───── GIVEN RECORDS ─────

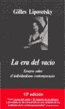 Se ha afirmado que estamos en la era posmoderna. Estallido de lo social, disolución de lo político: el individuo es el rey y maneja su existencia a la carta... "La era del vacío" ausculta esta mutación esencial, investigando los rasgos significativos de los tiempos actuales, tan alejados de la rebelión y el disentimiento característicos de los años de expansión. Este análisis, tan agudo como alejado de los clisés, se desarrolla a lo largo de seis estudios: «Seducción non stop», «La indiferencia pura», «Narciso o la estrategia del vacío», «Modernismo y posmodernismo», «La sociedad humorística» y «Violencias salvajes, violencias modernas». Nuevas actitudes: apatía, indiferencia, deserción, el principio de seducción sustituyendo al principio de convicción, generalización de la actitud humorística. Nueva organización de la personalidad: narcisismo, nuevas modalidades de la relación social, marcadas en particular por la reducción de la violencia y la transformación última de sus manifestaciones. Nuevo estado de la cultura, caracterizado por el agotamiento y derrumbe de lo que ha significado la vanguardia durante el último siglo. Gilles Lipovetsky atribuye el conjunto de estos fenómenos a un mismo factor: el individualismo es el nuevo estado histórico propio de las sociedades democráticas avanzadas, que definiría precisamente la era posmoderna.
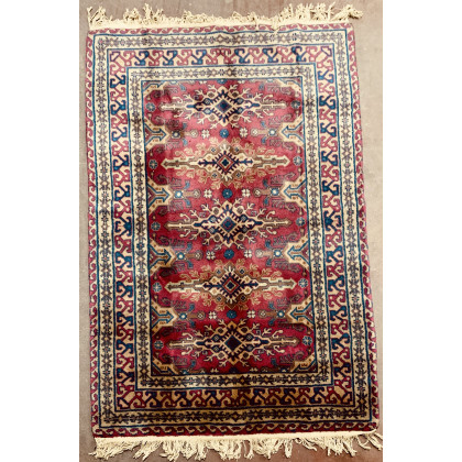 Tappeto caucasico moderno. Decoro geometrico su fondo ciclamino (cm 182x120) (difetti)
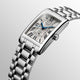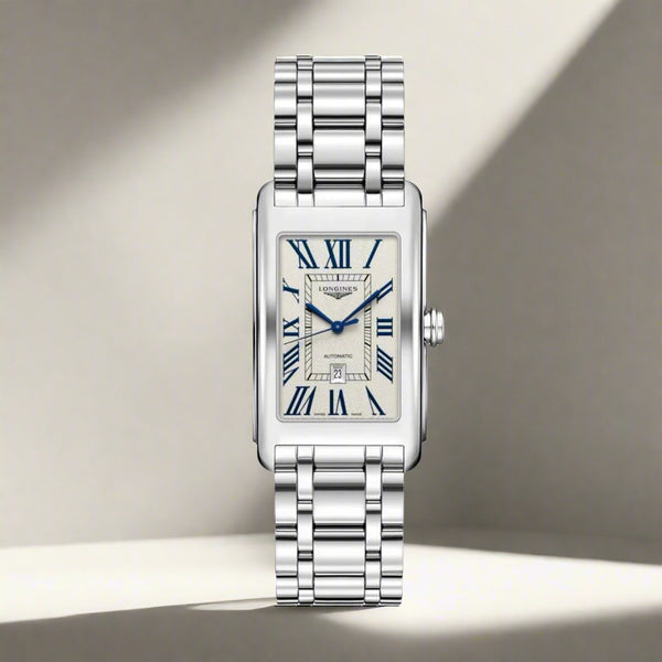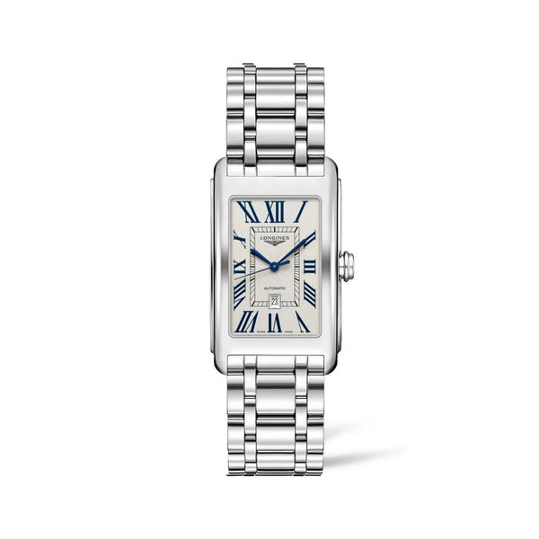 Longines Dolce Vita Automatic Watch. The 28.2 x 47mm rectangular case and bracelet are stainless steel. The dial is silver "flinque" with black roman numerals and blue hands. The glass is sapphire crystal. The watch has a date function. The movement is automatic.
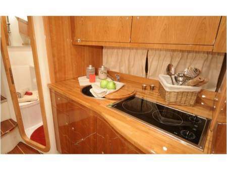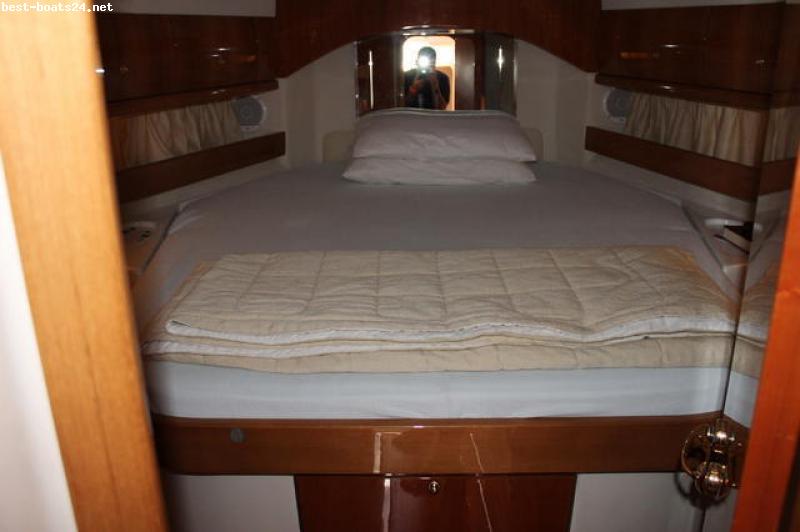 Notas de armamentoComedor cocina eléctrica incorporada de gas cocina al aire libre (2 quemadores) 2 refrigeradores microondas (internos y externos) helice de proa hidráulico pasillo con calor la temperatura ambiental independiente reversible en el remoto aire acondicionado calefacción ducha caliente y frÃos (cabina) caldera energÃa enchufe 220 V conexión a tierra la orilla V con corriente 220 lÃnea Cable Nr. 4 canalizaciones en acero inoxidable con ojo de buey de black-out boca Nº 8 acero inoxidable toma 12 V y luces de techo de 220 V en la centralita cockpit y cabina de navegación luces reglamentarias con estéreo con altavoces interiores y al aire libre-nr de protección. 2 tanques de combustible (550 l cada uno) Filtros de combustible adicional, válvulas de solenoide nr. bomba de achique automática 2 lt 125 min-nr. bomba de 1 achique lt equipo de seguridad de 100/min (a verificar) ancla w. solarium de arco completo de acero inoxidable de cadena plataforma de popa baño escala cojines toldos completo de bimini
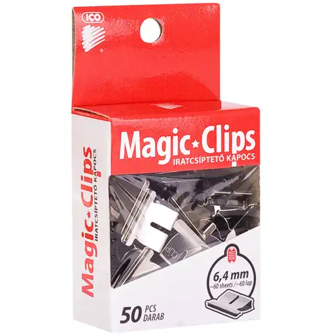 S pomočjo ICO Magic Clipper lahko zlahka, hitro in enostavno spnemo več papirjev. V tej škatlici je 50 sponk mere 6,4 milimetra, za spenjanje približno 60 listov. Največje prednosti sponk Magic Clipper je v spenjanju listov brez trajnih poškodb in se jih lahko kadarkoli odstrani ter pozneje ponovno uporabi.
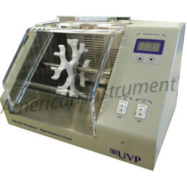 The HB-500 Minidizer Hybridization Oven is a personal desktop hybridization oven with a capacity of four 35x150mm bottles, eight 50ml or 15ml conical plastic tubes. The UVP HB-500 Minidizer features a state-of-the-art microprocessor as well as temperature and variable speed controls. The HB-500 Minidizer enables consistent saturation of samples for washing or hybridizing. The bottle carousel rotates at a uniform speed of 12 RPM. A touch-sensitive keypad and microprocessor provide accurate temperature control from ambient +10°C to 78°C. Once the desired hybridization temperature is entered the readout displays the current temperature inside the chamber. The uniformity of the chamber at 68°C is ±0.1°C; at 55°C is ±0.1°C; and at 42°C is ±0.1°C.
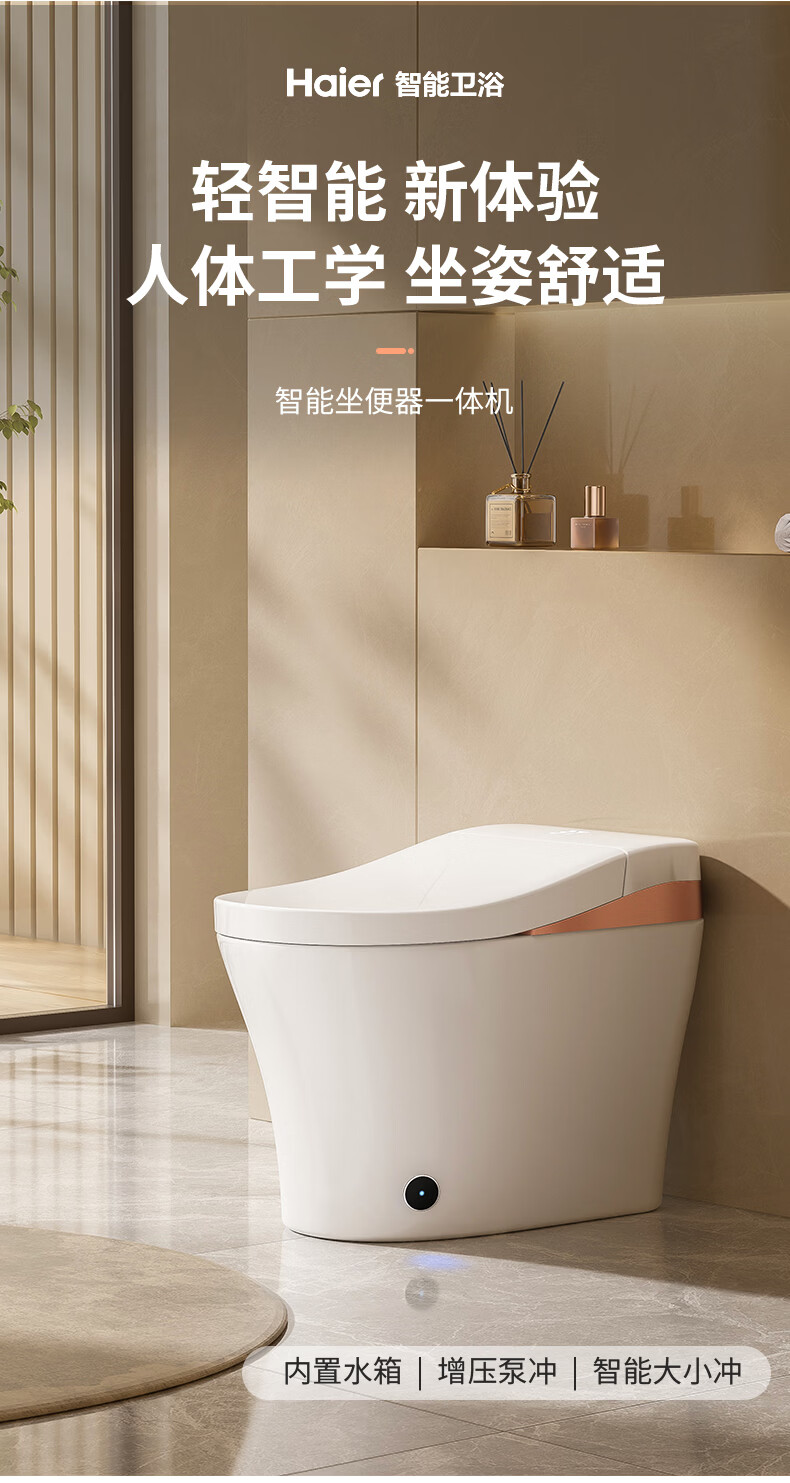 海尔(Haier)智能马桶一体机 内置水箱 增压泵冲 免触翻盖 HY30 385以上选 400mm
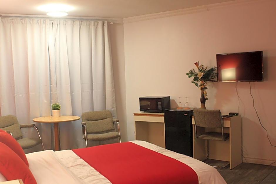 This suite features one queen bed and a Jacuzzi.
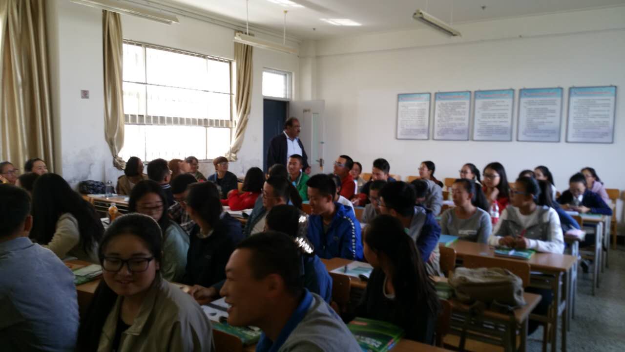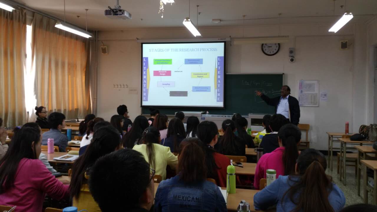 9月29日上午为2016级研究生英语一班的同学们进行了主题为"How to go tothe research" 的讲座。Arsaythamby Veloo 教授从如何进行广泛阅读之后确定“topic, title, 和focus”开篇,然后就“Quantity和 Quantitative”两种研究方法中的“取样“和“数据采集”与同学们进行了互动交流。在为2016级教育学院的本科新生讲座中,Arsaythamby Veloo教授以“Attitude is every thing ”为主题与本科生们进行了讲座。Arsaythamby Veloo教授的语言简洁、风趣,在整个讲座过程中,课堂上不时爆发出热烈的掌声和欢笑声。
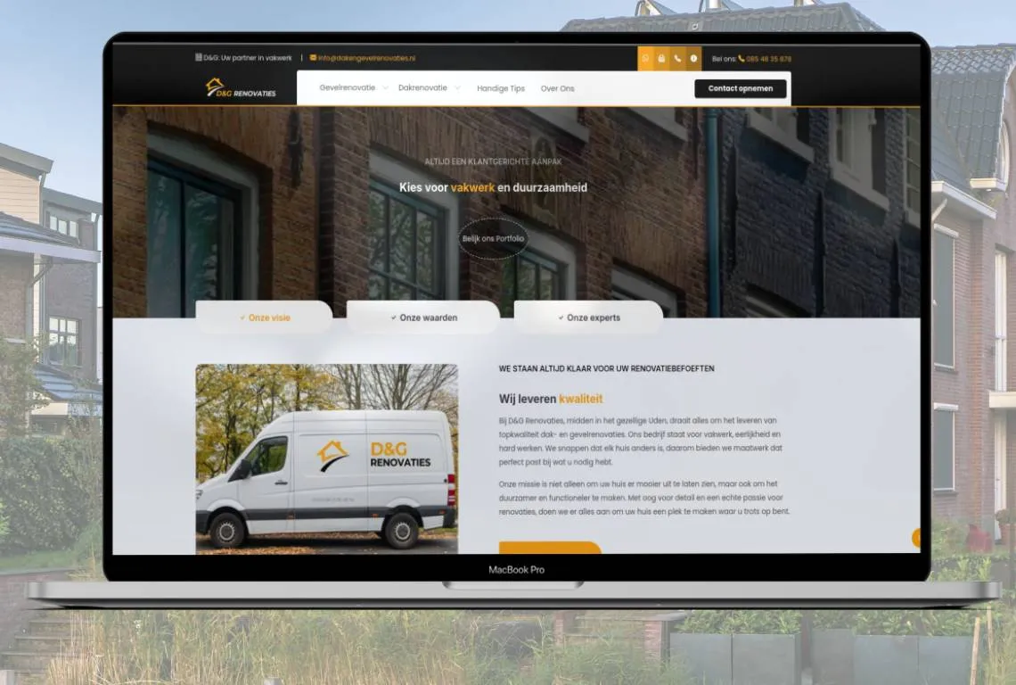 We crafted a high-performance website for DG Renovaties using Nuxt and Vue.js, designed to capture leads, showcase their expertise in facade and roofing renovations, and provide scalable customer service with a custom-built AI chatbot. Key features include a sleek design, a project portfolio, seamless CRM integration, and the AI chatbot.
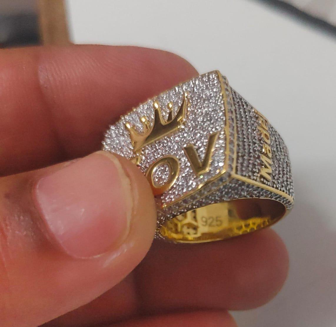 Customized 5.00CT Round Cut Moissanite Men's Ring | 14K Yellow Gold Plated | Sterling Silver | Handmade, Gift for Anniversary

─────

Repeat exactly the lines from the start of the entries down to the line with "Tappeto caucasico moderno.", keeping both ends but none of the pictures.

**REPLY**
 Se ha afirmado que estamos en la era posmoderna. Estallido de lo social, disolución de lo político: el individuo es el rey y maneja su existencia a la carta... "La era del vacío" ausculta esta mutación esencial, investigando los rasgos significativos de los tiempos actuales, tan alejados de la rebelión y el disentimiento característicos de los años de expansión. Este análisis, tan agudo como alejado de los clisés, se desarrolla a lo largo de seis estudios: «Seducción non stop», «La indiferencia pura», «Narciso o la estrategia del vacío», «Modernismo y posmodernismo», «La sociedad humorística» y «Violencias salvajes, violencias modernas». Nuevas actitudes: apatía, indiferencia, deserción, el principio de seducción sustituyendo al principio de convicción, generalización de la actitud humorística. Nueva organización de la personalidad: narcisismo, nuevas modalidades de la relación social, marcadas en particular por la reducción de la violencia y la transformación última de sus manifestaciones. Nuevo estado de la cultura, caracterizado por el agotamiento y derrumbe de lo que ha significado la vanguardia durante el último siglo. Gilles Lipovetsky atribuye el conjunto de estos fenómenos a un mismo factor: el individualismo es el nuevo estado histórico propio de las sociedades democráticas avanzadas, que definiría precisamente la era posmoderna.
 Tappeto caucasico moderno. Decoro geometrico su fondo ciclamino (cm 182x120) (difetti)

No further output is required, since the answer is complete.